Sus antebrazos se levantaron de golpe. Las ataduras se rompieron. Las venas de sus manos parecían a punto de agrietar la piel.
—Jacques…
La psiquiatra subió más el tono; le temblaba la voz.
—¿Quién, Jacques? ¿Quién estaba con usted?
Ninguna respuesta. Chasquidos de las correas.
—Cuando lo descubrieron, estaba solo.
Ningún comentario.
—Estaba solo en la cabaña. Con una mujer acribillada de heridas.
Ningún comentario.
—¿Por qué hizo eso, Jacques?
—Escóndete.
La orden había sido murmurada en francés. Un susurro apenas perceptible.
—¿Qué? —preguntó la psiquiatra en inglés—. ¿Qué ha dicho?
Reverdi estiró el cuello y las venas se le marcaron como raíces arrancadas de la tierra. Separó los labios. Una voz de niño, asustada, brotó de ellos:
—Escóndete. ¡Escóndete, deprisa!
—Jacques, ¿de qué habla? ¿Quién tiene que esconderse?

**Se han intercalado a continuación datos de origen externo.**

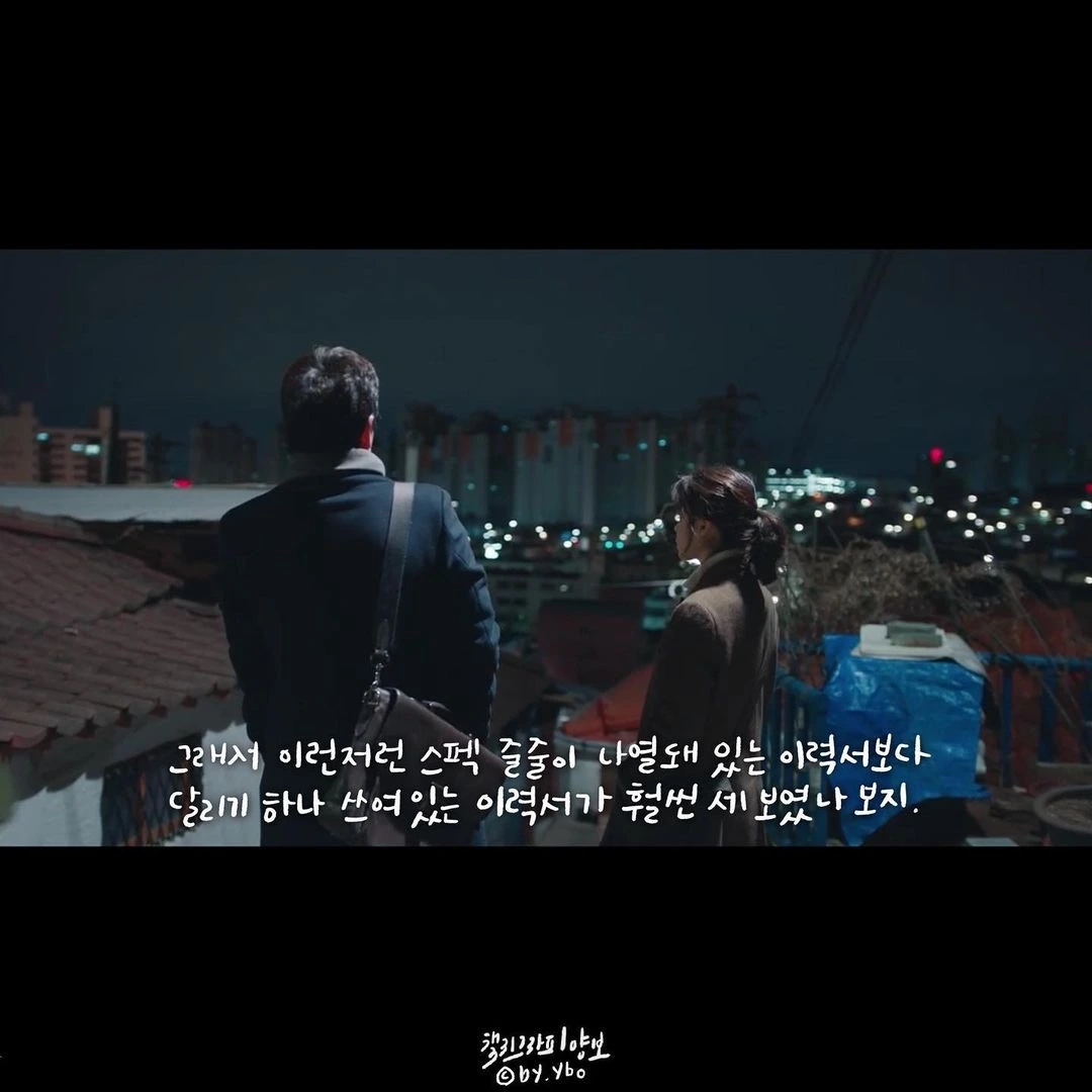'나의 아저씨' 중 가슴에 남은 대사 TOP3가 있다. 그중 하나. 이 대사를 만난 뒤 나의 글에, 생각에 자주 떠오르는 말이 되었다. 동훈은 팀 잡무를 담당할 계약 직원을 뽑을 때, 특기가 달리기인 별거 없는 지안의 이력서를 선택했다. 나중에 그는 왜 별거 없는 지안을 뽑았냐며, 둘이 무슨 관계가 아니냐는 기분 나쁜 의심을 받기도 했다. 동훈은 화려하게 포장된 이력서가 얼마나 거품인지, 그동안 겪어서 알고 있었다. 오히려 꾸밈없는 지안의 이력서가 솔직해 보였다. 끈기가 느껴졌다. 그는 겪어 보고 생각하려는 사람이었다. 자기 뒤에서 험담을 한 팀원도 '죄송합니다' 열 번을 외치게 함으로 용서해줬다. 투덜이긴 했지만, 진심으로 자신을 미워하지 않는다는 걸 그동안의 시간으로 동훈은 알고 있었기 때문이다..
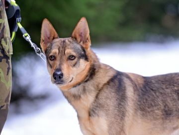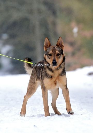 Luki je zhruba rok a půl starý kříženec německého ovčáka a československého vlčáka (v bůhví které generaci). Vzrůstově je ale střední, po kolena - nedosahuje velikosti ani jednoho z těchto plemen a více už ani neporoste.
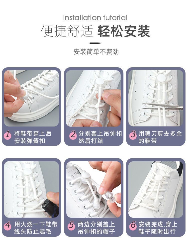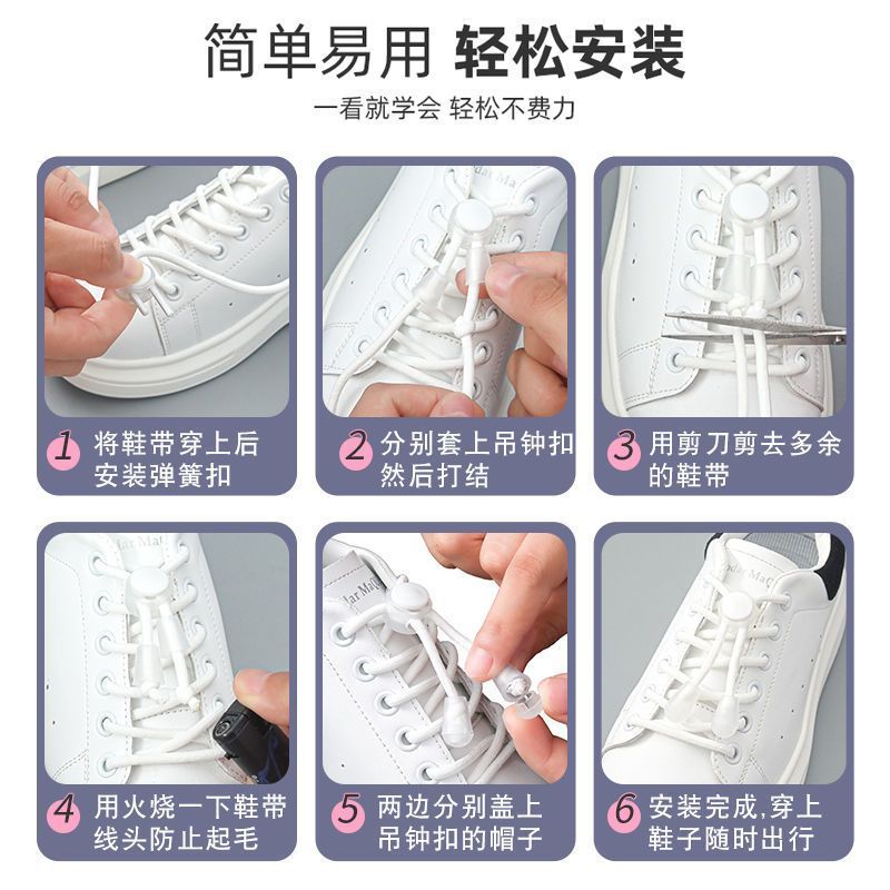 新款懒人鞋带小孩万能鞋带全自动圆绳松紧弹力懒人鞋带扣自动扣
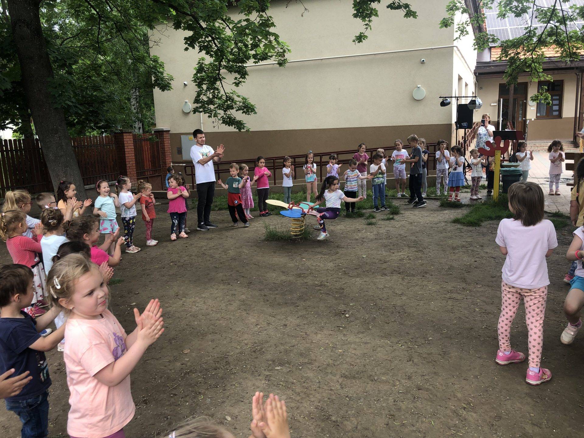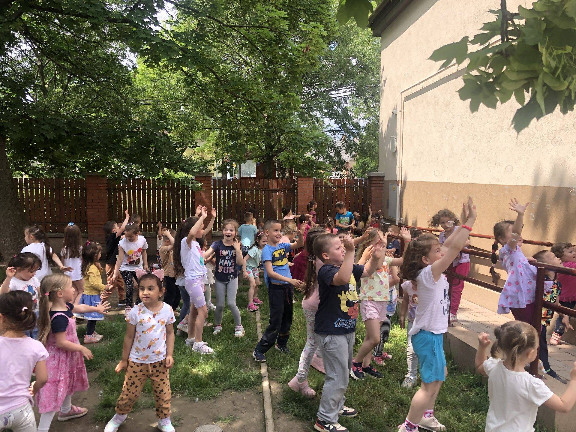 Igaz, nyáron nem a megszokott módon folyik az óvodai élet, kevesebb gyerek jár az intézménybe, többet vagyunk az udvaron, a boldogságfoglalkozást sok gyerek igényli. A gyerekek kívánsága szerint, több boldogságdalt is hallgattunk, énekeltünk, táncoltunk rájuk. Nyáron talán még felfokozottabb a gyerekek mozgásigénye, ezért ilyenkor is szakítunk időt egy kis relaxációra, hogy kicsit lelassulhassanak, ellazulhassanak az állandó pörgésben. Minden nap mesélünk, mely a gyermekek érzelmi intelligenciájának fejlődéséhez nagyban hozzájárul. A homokozóban több gyerek segítségével megépítettük a boldogságvárat, melyet fűvel, virágokkal díszítettünk. Közösen visszaemlékeztünk a legkedvesebb „boldogságjátékokra”, melyeket az udvaron többször is játszottunk. Ilyenek voltak a Zombis, Cápatámadás, Hajótörés és a Felvidítós játék. A Föld napján a szelektív hulladékgyüjtést is gyakoroltuk, amely játékot a gyerekek gyakran újra kérnek, így rögzíthetjük a már elsajátított ismereteiket. Mindezekkel közelebb hoztuk célunkat, a fenntartható boldogságot.

La mujer había entendido la frase dicha en francés. El apneísta se arqueó más. Levantó la barbilla y miró fijamente a la especialista, pero a la manera de un hombre ebrio, que no distingue nada.
—¡Escóndete, deprisa, viene papá!
La psiquiatra se inclinó. Uno de sus brazos apareció en la pantalla; estaba tomando notas en un bloc. Llevaba velo. Con la otra mano hizo una seña explícita a uno de los enfermeros: estate preparado para poner una inyección.
—Jacques, ¿qué dice? —insistió, ahora en francés—. ¡Explíquese!
A modo de respuesta, Jacques Reverdi cerró los ojos. Un telón en su teatro interior.
—¿Jacques?
Ninguna respuesta. Su rostro se estiró, se hundió, palideció. Sus órbitas se convirtieron en agujeros negros. Sus labios se afinaron hasta parecer cables.